Bishop David Wilson, the episcopal leader of the more than 750 United Methodist Churches across Kansas and Nebraska, speaks during a service honoring National Day of Remembrance for U.S. Indian Boarding Schools Saturday, Sept. 30, 2023.

Members of Lawrence’s Indigenous community gathered on Saturday to remember the victims of Indian boarding schools that for more than a century sought to assimilate Native American children into white society — including Haskell Institute, the precursor to Haskell Indian Nations University.

Saturday was the National Day of Remembrance for Indian Boarding Schools, and the memorial service at Central United Methodist Church, 1501 Massachusetts St., gave community members an opportunity to honor the Indigenous children who endured having their culture stripped away during the boarding school era.

The service was hosted by the United Methodist Church’s Great Plains Conference, which covers Kansas and Nebraska. Among the speakers was Bishop David Wilson, a member of the Choctaw and Cherokee tribes, who is the first Native American ever elected to lead the more than 750 churches in the conference.

“This day is a day for us to honor the victims and survivors of U.S. Indian boarding schools, and recognize the ongoing trauma resulting from federal Indian boarding school policies,” he said.

At the hundreds of Native American boarding schools that operated across the U.S. for 150 years, children were forced to abandon their native tongues and speak English instead, which Wilson said caused harm that can still be felt today. He said the federal government’s Bureau of Indian Affairs recently projected that out of the approximately 167 Indigenous languages spoken in the U.S. today, only 20 are likely to remain by 2050.

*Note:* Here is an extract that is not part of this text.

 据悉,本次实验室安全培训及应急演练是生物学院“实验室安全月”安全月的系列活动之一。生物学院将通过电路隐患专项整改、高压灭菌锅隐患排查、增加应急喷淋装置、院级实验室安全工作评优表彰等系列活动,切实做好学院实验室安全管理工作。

Haskell Institute in Lawrence was no exception to these policies. According to a federal study of the boarding schools that was released in 2022, Haskell Institute intentionally mixed Native American children from 31 different tribes to disrupt tribal relations and discourage or prevent the use of each tribe’s language. Children who attended Haskell Institute were also made to cultivate strawberries and “encouraged to enjoy the work,” according to the report, and the federal boarding school system as a whole focused on vocational training involving child manual labor.

Wilson said the lives of Native Americans are “haunted” each day by these past injustices — but he also said there were examples of resilience to be found in the young people who survived the boarding schools.

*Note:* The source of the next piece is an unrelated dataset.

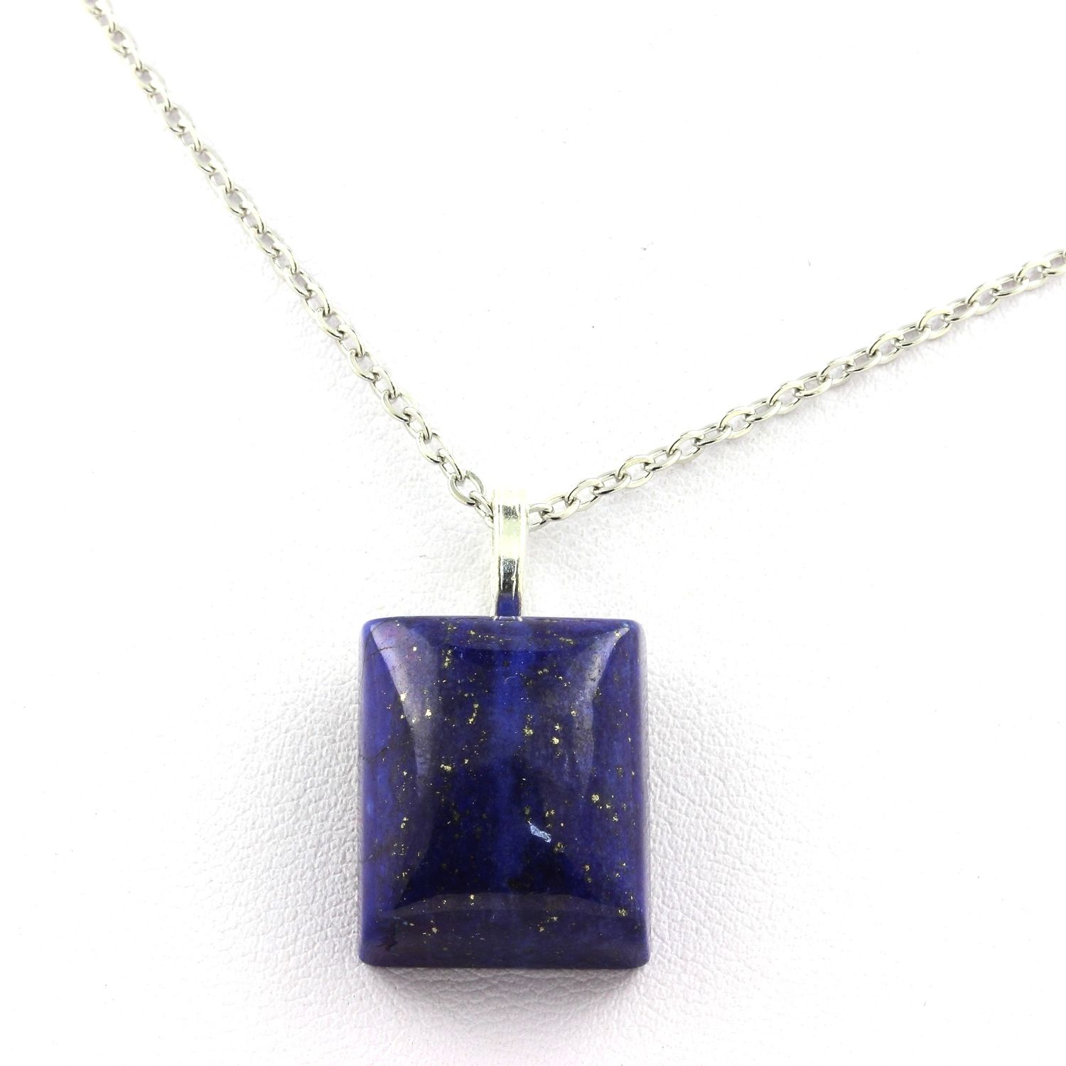Collier Lapis Lazuli + chaine en acier inoxydable longueur 40, 45, 50, 55, 60, 70, 80, 90 cm au choix.

Shawnee Tribe Chief Ben Barnes spoke Saturday about tribal elders who pushed back against assimilation into white society, and he said he and his brother became “language activists” years ago in an effort to carry on that legacy. He said that the people who were taught that their language “will only bring you pain” while attending boarding schools demonstrated their resilience by ignoring what they were told and speaking it anyway, and Barnes said that makes it all the more important for people today to remember what happened.

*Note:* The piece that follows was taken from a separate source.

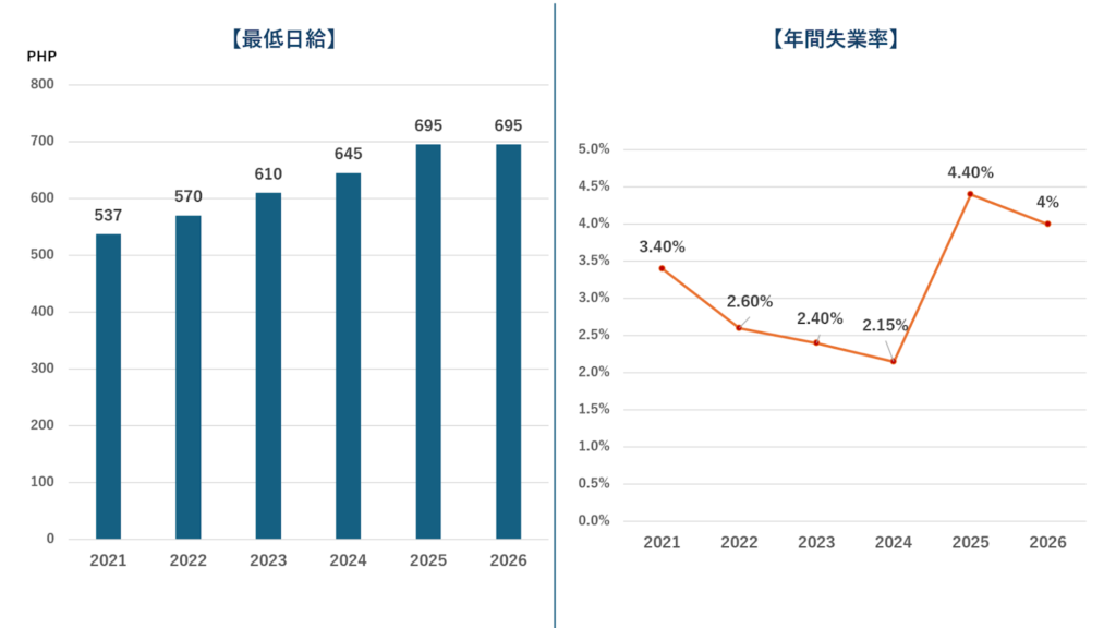 例として、2026年の予想最低賃金(日給)×20営業日=13,900PHP(約36,140円)となります。

“We all have those family members who carry some missing piece inside of them that they have to fill up with something else, whether it’s drugs, alcohol, violence or whatever the social ill may be,” Barnes said. “This is intergenerational trauma. This is what’s passed on from one family to the next. This is the legacy of boarding schools.”

U.S. Rep. Sharice Davids, a member of the Ho-Chunk Nation, was originally scheduled to speak at the service, but ultimately was unable to attend as federal lawmakers attempted to avoid a government shutdown. Instead, Davids’ community liaison, Emma Swinney, shared a prepared statement.

In the statement, Davids said she believes a big part of her role as a congresswoman is to educate her colleagues about the federal government’s responsibilities to Native American tribes, including acknowledging the more shameful elements of American history.

“The federal government and our country must do better to acknowledge … and understand the full truth of these policies,” Davids said in her statement.